Data supplied —
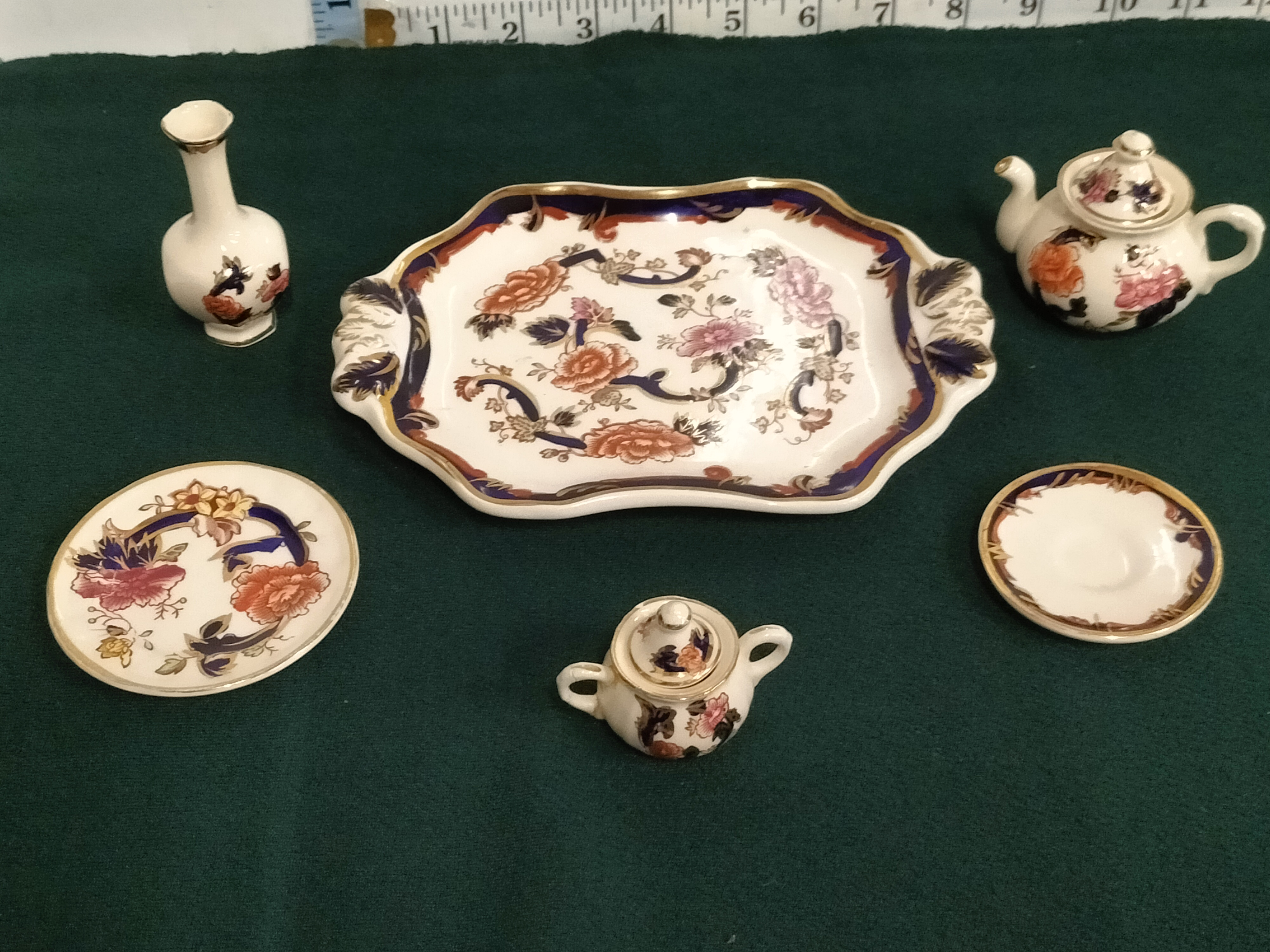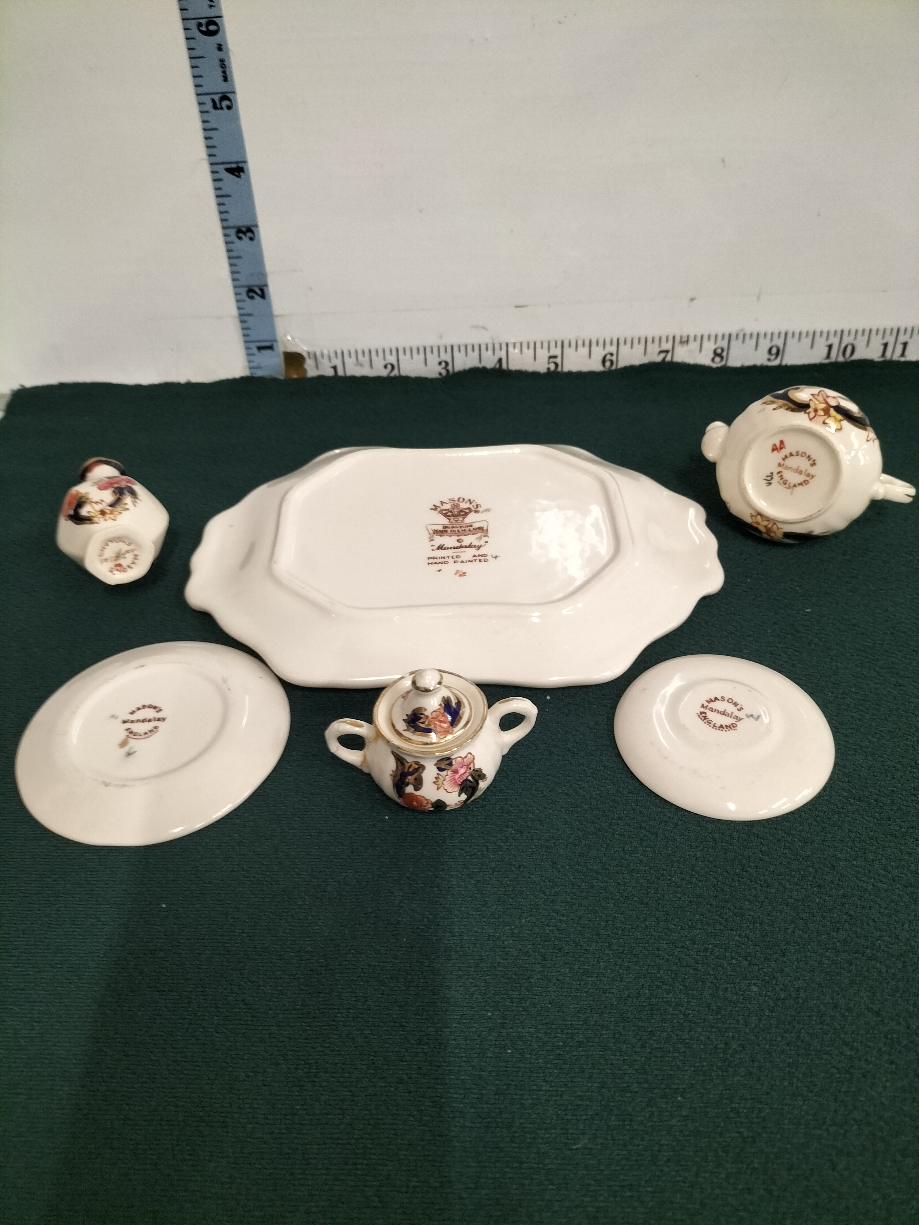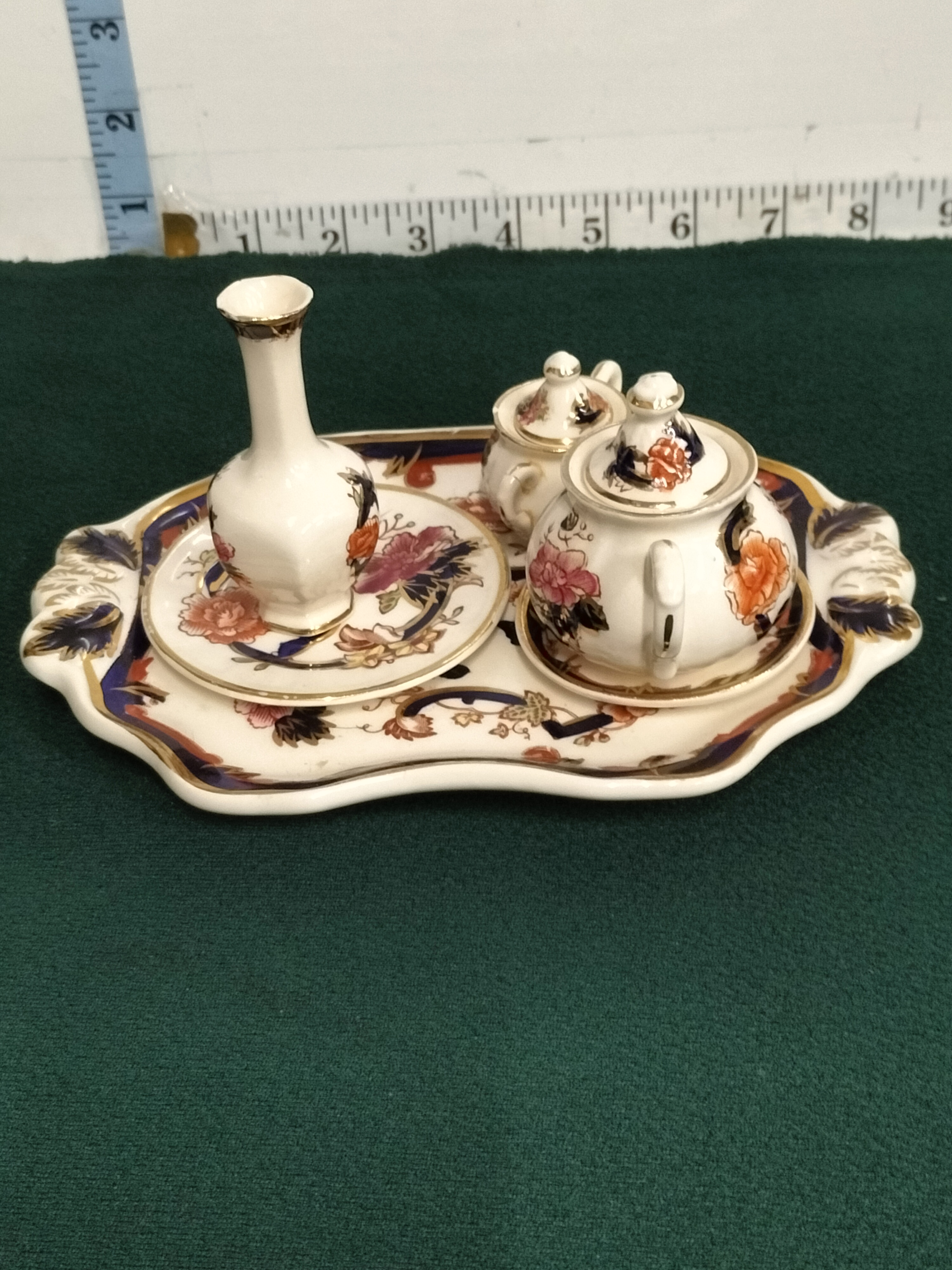 A fine collection of miniature ironstone ceramics produced by Mason’s in the popular Mandalay pattern. This set comprises a shaped rectangular twin-handled tray, a globular teapot with cover, a twin-handled sugar bowl with cover, a faceted bud vase, and two matching saucers. Each piece is decorated in the traditional Imari palette, featuring vibrant transfer-printed floral sprays in shades of pink, orange, and yellow, enhanced with hand-painted cobalt blue accents and fine gilded rims. The underside of the tray and other components bear the printed maker’s mark: Mason’s Ironstone Made in England, alongside the pattern name Mandalay and the notation Printed and Hand Painted. This set represents a charming 20th-century interpretation of the classic 19th-century ironstone aesthetic. Tray length: approximately 19 cm (7.5 inches).
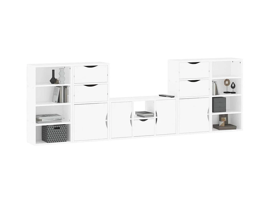 Meubles TV 5 pcs avec rangement ODDA blanc bois de pin massif
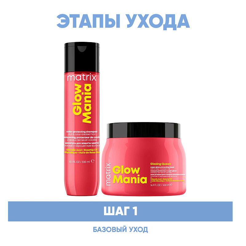 ПРОГРАММА КОМПЛЕКСНОГО УХОДА Matrix Glow Mania для окрашенных и тусклых волос. Комплексный уход представляет собой дополняющие друг друга средства, совместное использование которых будет максимально эффективным. Первым шагом программы является базовый уход (очищение + питание), вторым – дополнительный уход (средства, усиливающие эффект базовой программы и применяемые постоянно или периодически).
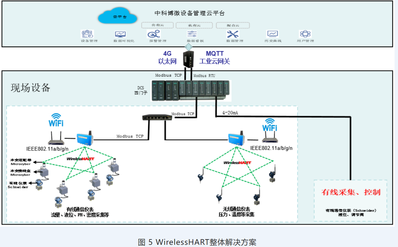 中科博微目前已經(jīng)將WirelessHART國產(chǎn)化產(chǎn)品研發(fā)逐步轉(zhuǎn)移打造適應(yīng)不同工況的WirelessHART產(chǎn)品整體解決方案階段,基于WirelessHART國產(chǎn)化產(chǎn)品,打通“上游”“下游”國產(chǎn)化保障渠道,開發(fā)設(shè)備管理軟件平臺(tái),如:NCS-View、NCS-AMS等,實(shí)現(xiàn)多協(xié)議無線網(wǎng)絡(luò)深度融合及數(shù)據(jù)互聯(lián),基于交叉融合特征的集成化創(chuàng)新、滲透輻射特征的跨領(lǐng)域創(chuàng)新,應(yīng)對(duì)疫情環(huán)境下帶來的行業(yè)商業(yè)模式創(chuàng)新,實(shí)現(xiàn)以工業(yè)物聯(lián)網(wǎng)架構(gòu)下的行業(yè)整體解決方案,逐步完成布局,建立并形成工業(yè)物聯(lián)網(wǎng)完善的生態(tài)圈建設(shè)。如圖5所示。
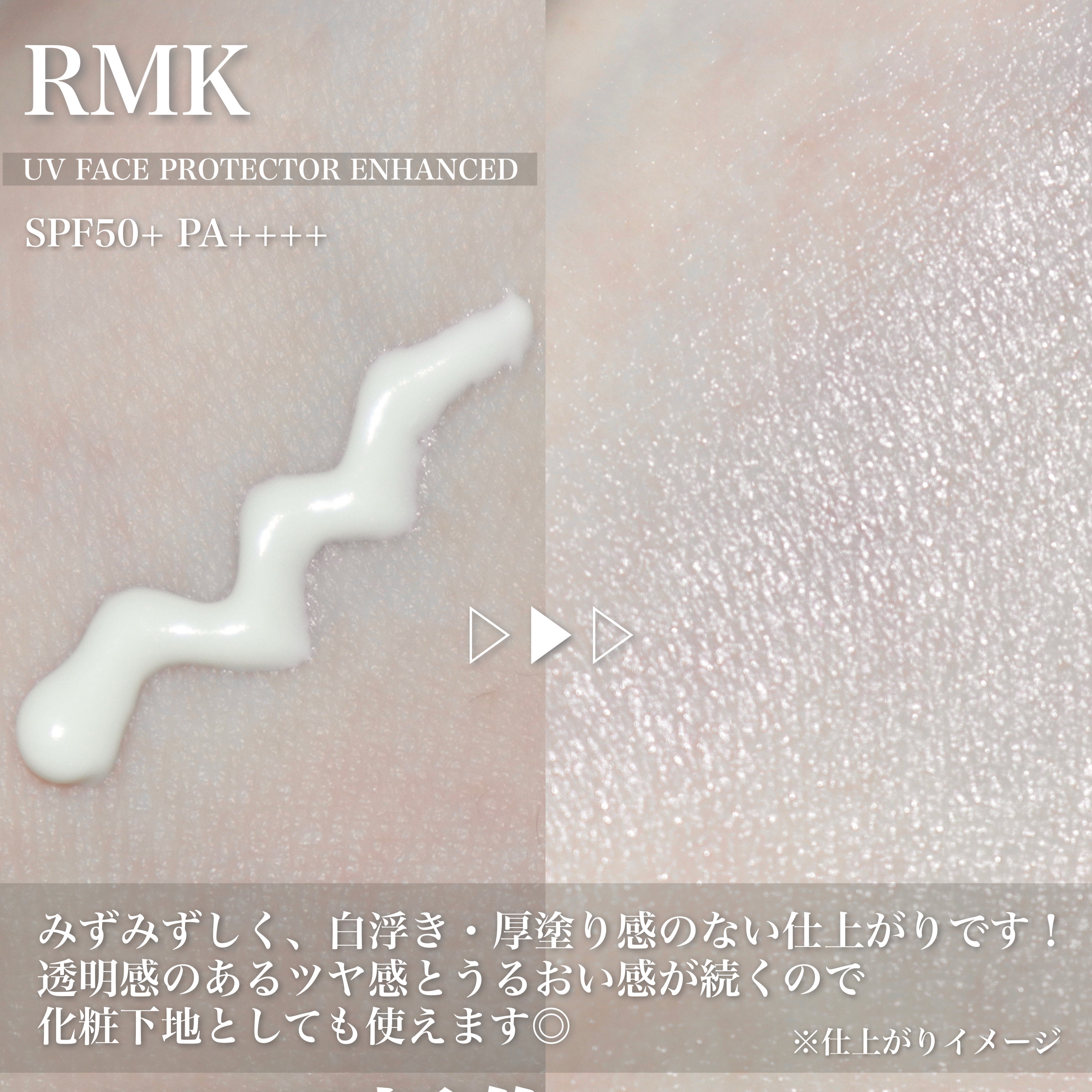 日中の肌を守りながらうるおいに満ちた透明感を手に入れる✨ RMKの新作UVがめちゃくちゃ良かった🫶🏻🫶🏻 ナチュラルな仕上がりがポイント! ベースメイクの仕上がりを邪魔しない薄膜感処方がお気に入りです✨ 水や汗、こすれに強く落ちにくいところも魅力。 しかも、微細パール配合なのでツヤ感が出て、冬でも肌がふっくらうるおっているように見える✨
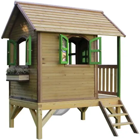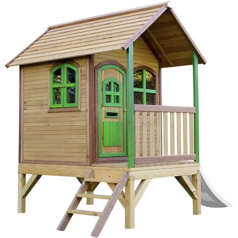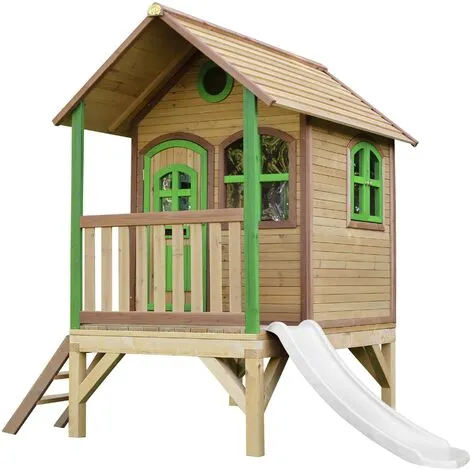 AXI Tom Maison Enfant Avec Toboggan Blanc | Aire De Jeux Pour L’extérieur En Marron & Vert | Maisonnette / Cabane De Jeu En Bois FSC – Marron
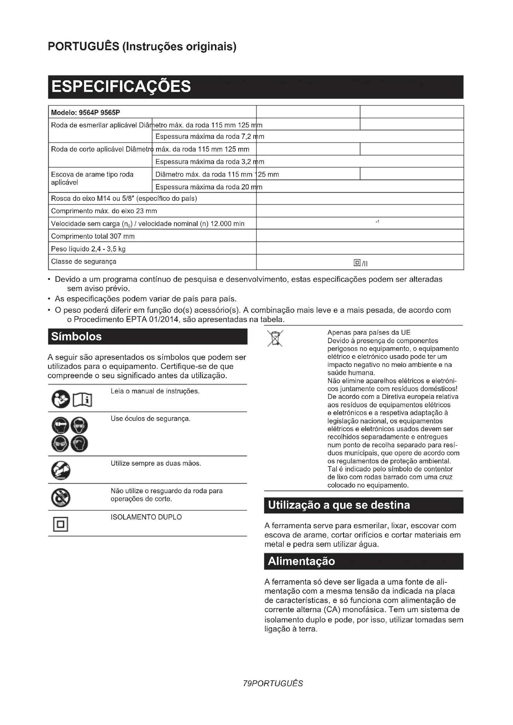 - O peso poderá diferir em função do(s) acessório(s). A combinação mais leve e a mais pesada, de acordo com o Procedimento EPTA 01/2014, são apresentadas na tabela. Símbolos A seguir são apresentados os símbolos que podem ser utilizados para o equipamento. Certique-se de que compreende o seu signicado antes da utilização. Leia o manual de instruções. Use óculos de segurança. Utilize sempre as duas mãos. Não utilize o resguardo da roda para operações de corte. ISOLAMENTO DUPLO Apenas para países da UE Devido à presença de componentes perigosos no equipamento, o equipamento elétrico e eletrónico usado pode ter um impacto negativo no meio ambiente e na saúde humana. Não elimine aparelhos elétricos e eletróni- cos juntamente com resíduos domésticos! De acordo com a Diretiva europeia relativa aos resíduos de equipamentos elétricos e eletrónicos e a respetiva adaptação à legislação nacional, os equipamentos elétricos e eletrónicos usados devem ser recolhidos separadamente e entregues num ponto de recolha separado para resí- duos municipais, que opere de acordo com os regulamentos de proteção ambiental. Tal é indicado pelo símbolo de contentor de lixo com rodas barrado com uma cruz colocado no equipamento. Utilização a que se destina A ferramenta serve para esmerilar, lixar, escovar com escova de arame, cortar orifícios e cortar materiais em metal e pedra sem utilizar água. Alimentação A ferramenta só deve ser ligada a uma fonte de ali- mentação com a mesma tensão da indicada na placa de características, e só funciona com alimentação de corrente alterna (CA) monofásica. Tem um sistema de isolamento duplo e pode, por isso, utilizar tomadas sem ligação à terra.80 PORTUGUÊS Ruído A característica do nível de ruído A determinado de acordo com a EN62841-2-3: Modelo Nível de pressão sonora (L
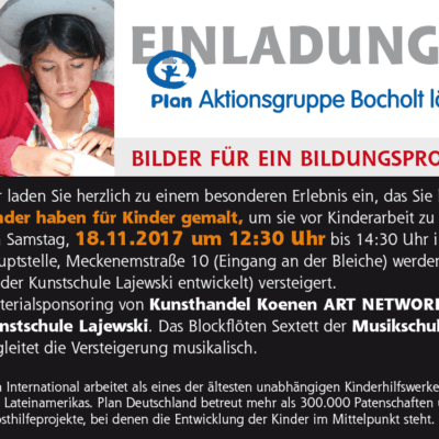 AG Bocholt: Kinder malen für Kinder. Versteigerung der, in einer Kunstaktion der Aktionsgruppe Bocholt in Zusammenarbeit mit dem Kunsthandel Koenen ART NETWORK und der Kunstschule Lajewski entstandenen, Gemälde. Der Erlös geht an das Plan-Projekt gegen Kinderarbeit in Tansania. Die Versteigerung findet am 18. November von 12.30 bis 14.30 Uhr in der Volksbank Bocholt, Hauptstelle, Meckenemstr. 10 statt.…

What you need to do —
Your job is to copy each entry exactly as written; the pictures do not go in.

Your solution —
 A fine collection of miniature ironstone ceramics produced by Mason’s in the popular Mandalay pattern. This set comprises a shaped rectangular twin-handled tray, a globular teapot with cover, a twin-handled sugar bowl with cover, a faceted bud vase, and two matching saucers. Each piece is decorated in the traditional Imari palette, featuring vibrant transfer-printed floral sprays in shades of pink, orange, and yellow, enhanced with hand-painted cobalt blue accents and fine gilded rims. The underside of the tray and other components bear the printed maker’s mark: Mason’s Ironstone Made in England, alongside the pattern name Mandalay and the notation Printed and Hand Painted. This set represents a charming 20th-century interpretation of the classic 19th-century ironstone aesthetic. Tray length: approximately 19 cm (7.5 inches).
 Meubles TV 5 pcs avec rangement ODDA blanc bois de pin massif
 ПРОГРАММА КОМПЛЕКСНОГО УХОДА Matrix Glow Mania для окрашенных и тусклых волос. Комплексный уход представляет собой дополняющие друг друга средства, совместное использование которых будет максимально эффективным. Первым шагом программы является базовый уход (очищение + питание), вторым – дополнительный уход (средства, усиливающие эффект базовой программы и применяемые постоянно или периодически).
 中科博微目前已經(jīng)將WirelessHART國產(chǎn)化產(chǎn)品研發(fā)逐步轉(zhuǎn)移打造適應(yīng)不同工況的WirelessHART產(chǎn)品整體解決方案階段,基于WirelessHART國產(chǎn)化產(chǎn)品,打通“上游”“下游”國產(chǎn)化保障渠道,開發(fā)設(shè)備管理軟件平臺(tái),如:NCS-View、NCS-AMS等,實(shí)現(xiàn)多協(xié)議無線網(wǎng)絡(luò)深度融合及數(shù)據(jù)互聯(lián),基于交叉融合特征的集成化創(chuàng)新、滲透輻射特征的跨領(lǐng)域創(chuàng)新,應(yīng)對(duì)疫情環(huán)境下帶來的行業(yè)商業(yè)模式創(chuàng)新,實(shí)現(xiàn)以工業(yè)物聯(lián)網(wǎng)架構(gòu)下的行業(yè)整體解決方案,逐步完成布局,建立并形成工業(yè)物聯(lián)網(wǎng)完善的生態(tài)圈建設(shè)。如圖5所示。
 日中の肌を守りながらうるおいに満ちた透明感を手に入れる✨ RMKの新作UVがめちゃくちゃ良かった🫶🏻🫶🏻 ナチュラルな仕上がりがポイント! ベースメイクの仕上がりを邪魔しない薄膜感処方がお気に入りです✨ 水や汗、こすれに強く落ちにくいところも魅力。 しかも、微細パール配合なのでツヤ感が出て、冬でも肌がふっくらうるおっているように見える✨
 AXI Tom Maison Enfant Avec Toboggan Blanc | Aire De Jeux Pour L’extérieur En Marron & Vert | Maisonnette / Cabane De Jeu En Bois FSC – Marron
 - O peso poderá diferir em função do(s) acessório(s). A combinação mais leve e a mais pesada, de acordo com o Procedimento EPTA 01/2014, são apresentadas na tabela. Símbolos A seguir são apresentados os símbolos que podem ser utilizados para o equipamento. Certique-se de que compreende o seu signicado antes da utilização. Leia o manual de instruções. Use óculos de segurança. Utilize sempre as duas mãos. Não utilize o resguardo da roda para operações de corte. ISOLAMENTO DUPLO Apenas para países da UE Devido à presença de componentes perigosos no equipamento, o equipamento elétrico e eletrónico usado pode ter um impacto negativo no meio ambiente e na saúde humana. Não elimine aparelhos elétricos e eletróni- cos juntamente com resíduos domésticos! De acordo com a Diretiva europeia relativa aos resíduos de equipamentos elétricos e eletrónicos e a respetiva adaptação à legislação nacional, os equipamentos elétricos e eletrónicos usados devem ser recolhidos separadamente e entregues num ponto de recolha separado para resí- duos municipais, que opere de acordo com os regulamentos de proteção ambiental. Tal é indicado pelo símbolo de contentor de lixo com rodas barrado com uma cruz colocado no equipamento. Utilização a que se destina A ferramenta serve para esmerilar, lixar, escovar com escova de arame, cortar orifícios e cortar materiais em metal e pedra sem utilizar água. Alimentação A ferramenta só deve ser ligada a uma fonte de ali- mentação com a mesma tensão da indicada na placa de características, e só funciona com alimentação de corrente alterna (CA) monofásica. Tem um sistema de isolamento duplo e pode, por isso, utilizar tomadas sem ligação à terra.80 PORTUGUÊS Ruído A característica do nível de ruído A determinado de acordo com a EN62841-2-3: Modelo Nível de pressão sonora (L
 AG Bocholt: Kinder malen für Kinder. Versteigerung der, in einer Kunstaktion der Aktionsgruppe Bocholt in Zusammenarbeit mit dem Kunsthandel Koenen ART NETWORK und der Kunstschule Lajewski entstandenen, Gemälde. Der Erlös geht an das Plan-Projekt gegen Kinderarbeit in Tansania. Die Versteigerung findet am 18. November von 12.30 bis 14.30 Uhr in der Volksbank Bocholt, Hauptstelle, Meckenemstr. 10 statt.…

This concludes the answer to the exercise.